22.   Section 118 of the CRTA allows me to make an order for specific performance of an agreement relating to personal property. I find the October 31, 2020 promissory note is such an agreement. So, I find I have the jurisdiction to enforce the promissory note and order Ms. Shaw to return the vehicle to Mr. Varga.

23.   Mr. Varga has asked for the return of the vehicle, rather than payment of the outstanding balance as a remedy here. He believes Ms. Shaw will not pay him any money, even if she is ordered to. Mr. Varga points out that Ms. Shaw was previously unemployed and had trouble paying her rent. In these circumstances, and given the October 31, 2020 agreement between the parties, I find it appropriate to order that Ms. Shaw return the vehicle to Mr. Varga, according to the terms of my order below.

24.   Under section 49 of the CRTA and CRT rules, the CRT will generally order an unsuccessful party to reimburse a successful party for CRT fees and reasonable dispute-related expenses. I see no reason in this case not to follow that general rule. I find Mr. Varga is entitled to reimbursement of $175 in CRT fees. He did not claim any dispute-related expenses.

ORDERS

25.   Within 30 days of the date of this order I order Ms. Shaw to return the 2005 Cadillac Escalade to Mr. Varga at his home or at a mutually agreed upon place and time, at Ms. Shaw’s expense. Both parties must comply with any applicable provincial or federal health orders in light of the COVID-19 pandemic, including any applicable social distancing advisories.

26.   I order Ms. Shaw to pay Mr. Varga $175 in CRT fees within 30 days.

27.   Mr. Varga is entitled to post-judgment interest under the Court Order Interest Act, as applicable.

28.   Under section 48 of the CRTA, the CRT will not provide the parties with the Order giving final effect to this decision until the time for making a notice of objection under section 56.1(2) has expired and no notice of objection has been made.
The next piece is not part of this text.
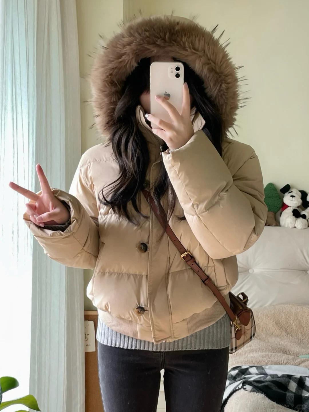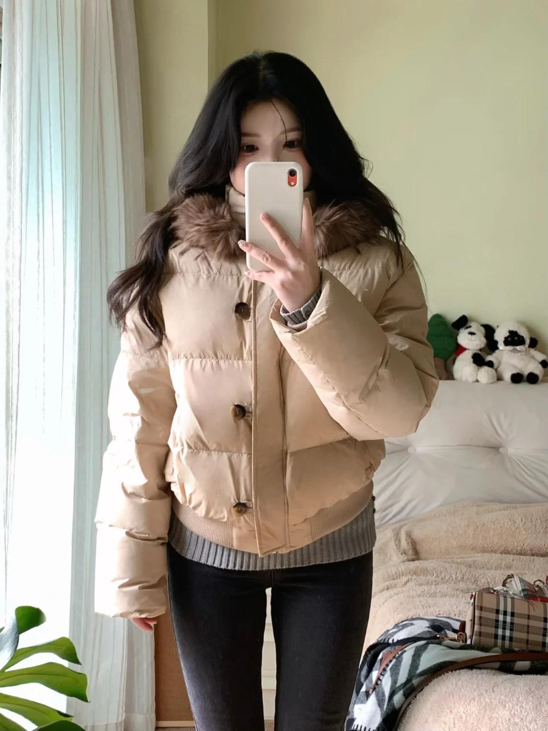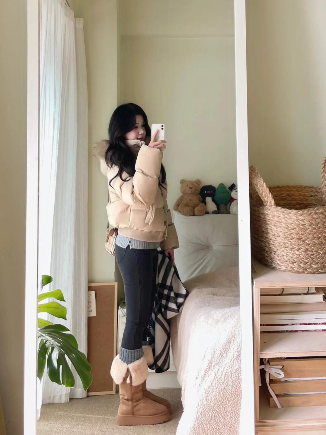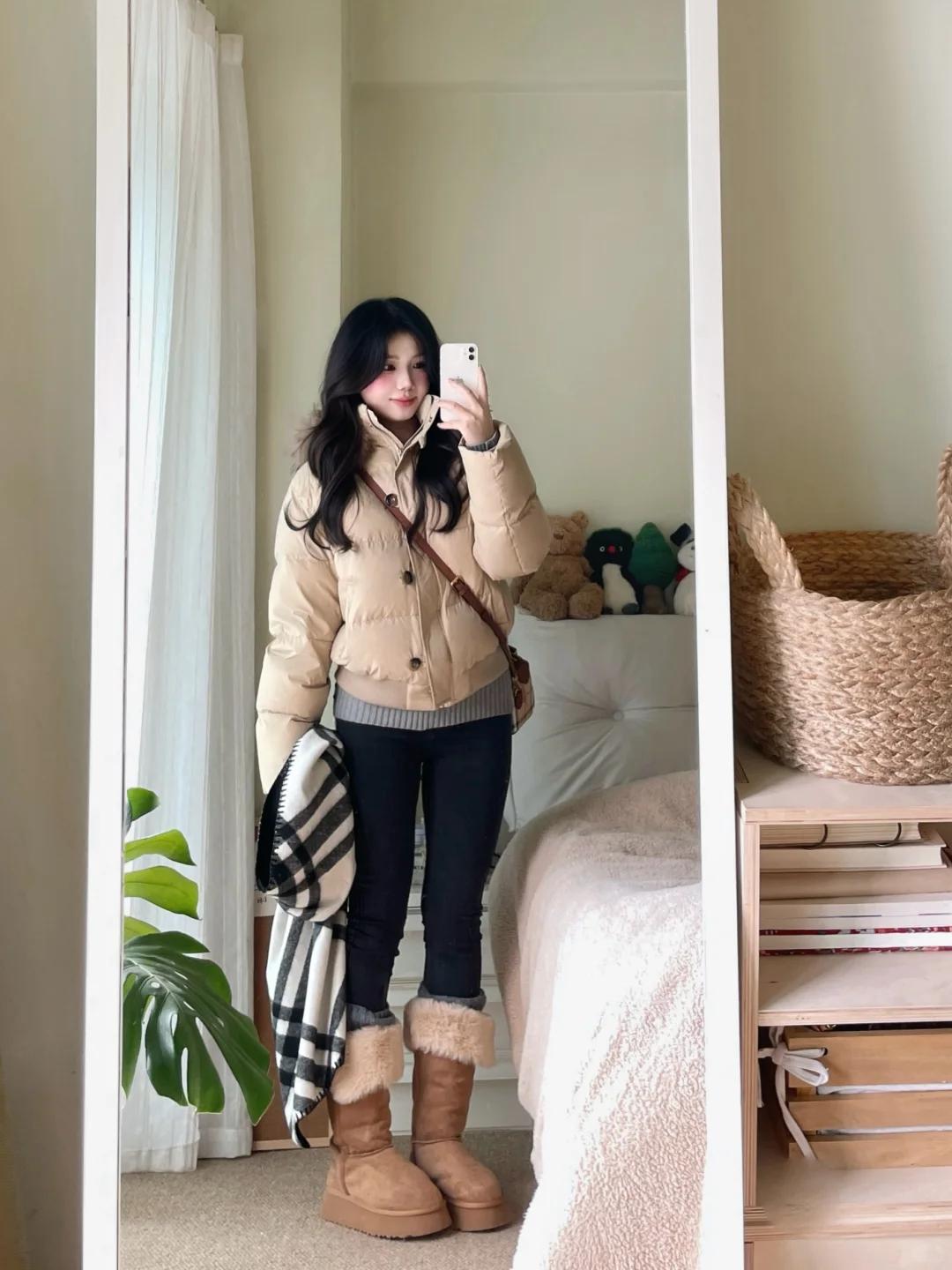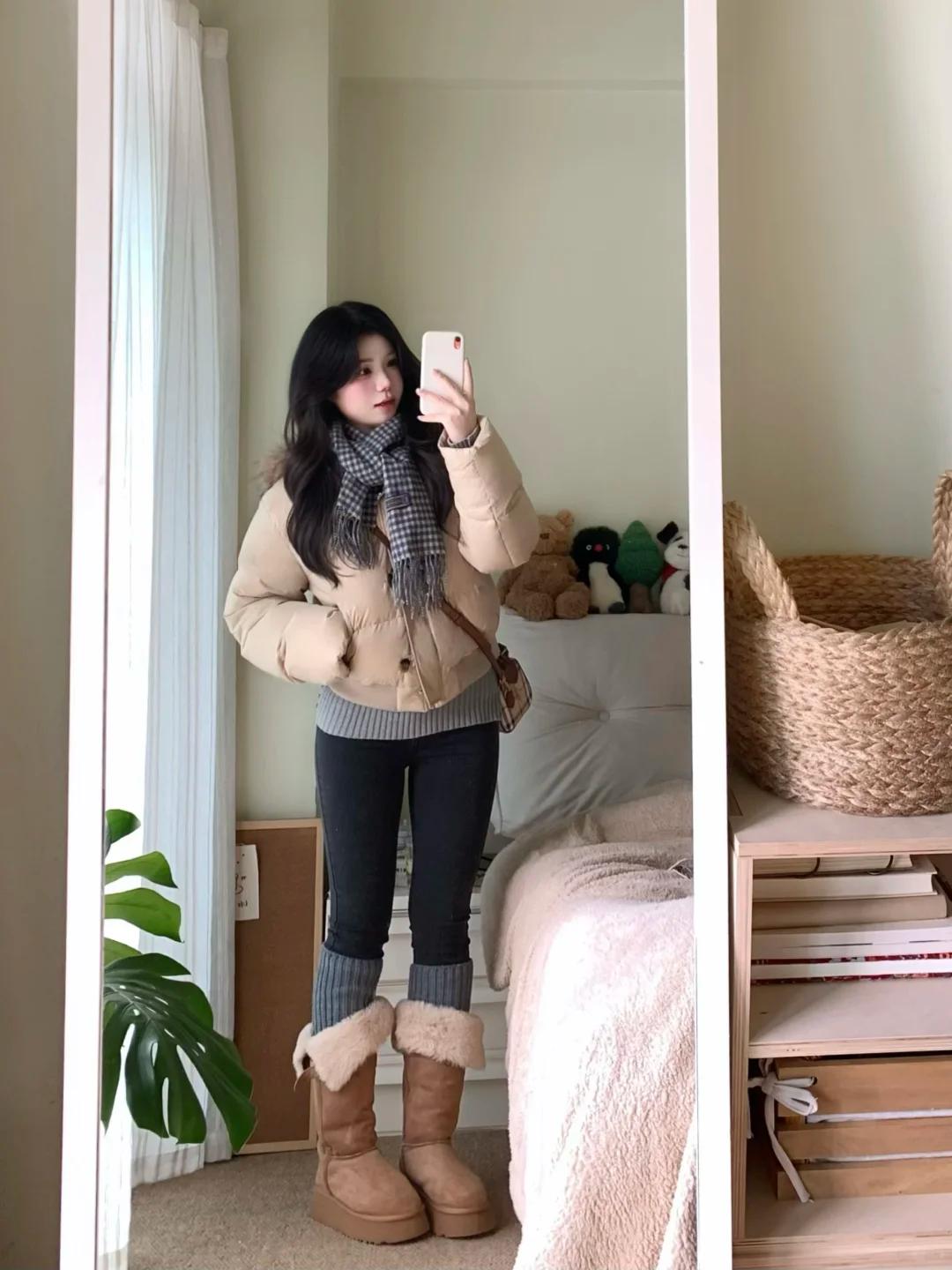 📌【158小个子冬日显瘦公式!卡其+灰+黑=腿长两米】❄️ 怕冷星人必看!短款羽绒服这样穿真的不臃肿!卡其色短羽绒叠穿燕麦灰毛衣,同色系渐变温柔又高级,解开两颗扣子露出内搭下摆,层次感瞬间拉满. ✨ 下半身紧身黑裤塞进驼色雪地靴,上宽下窄的黄金比例,视觉显瘦5斤!灰色毛衣叠穿打造高腰线,非常显身材。 👖 搭配毛线帽和金属项链点缀,保暖又时髦~北方姐妹外面套个长款大衣也超有范儿!这个冬天告别土肥圆,轻松get韩系小姐姐氛围感💃图片来源于博主:不吃饭了_ 小个子穿搭 冬季显瘦

The time for filing a notice of objection is 28 days after the party receives notice of the CRT’s final decision. The Province of British Columbia has enacted a provision under the COVID-19 Related Measures Act which says that statutory decision makers, like the CRT, may waive, extend or suspend mandatory time periods. This provision is expected to be in effect until 90 days after the state of emergency declared on March 18, 2020 ends, but the Province may shorten or extend the 90-day timeline at any time. A party should contact the CRT as soon as possible if they want to ask the CRT to consider waiving, suspending or extending the mandatory time to file a Notice of Objection.


 

29.   Under section 58.1 of the CRTA, a validated copy of the CRT’s order can be enforced through the Provincial Court of British Columbia. A CRT order can only be enforced if no objection has been made and the time for filing a notice of objection has passed. Once filed, a CRT order has the same force and effect as an order of the Provincial Court of British Columbia.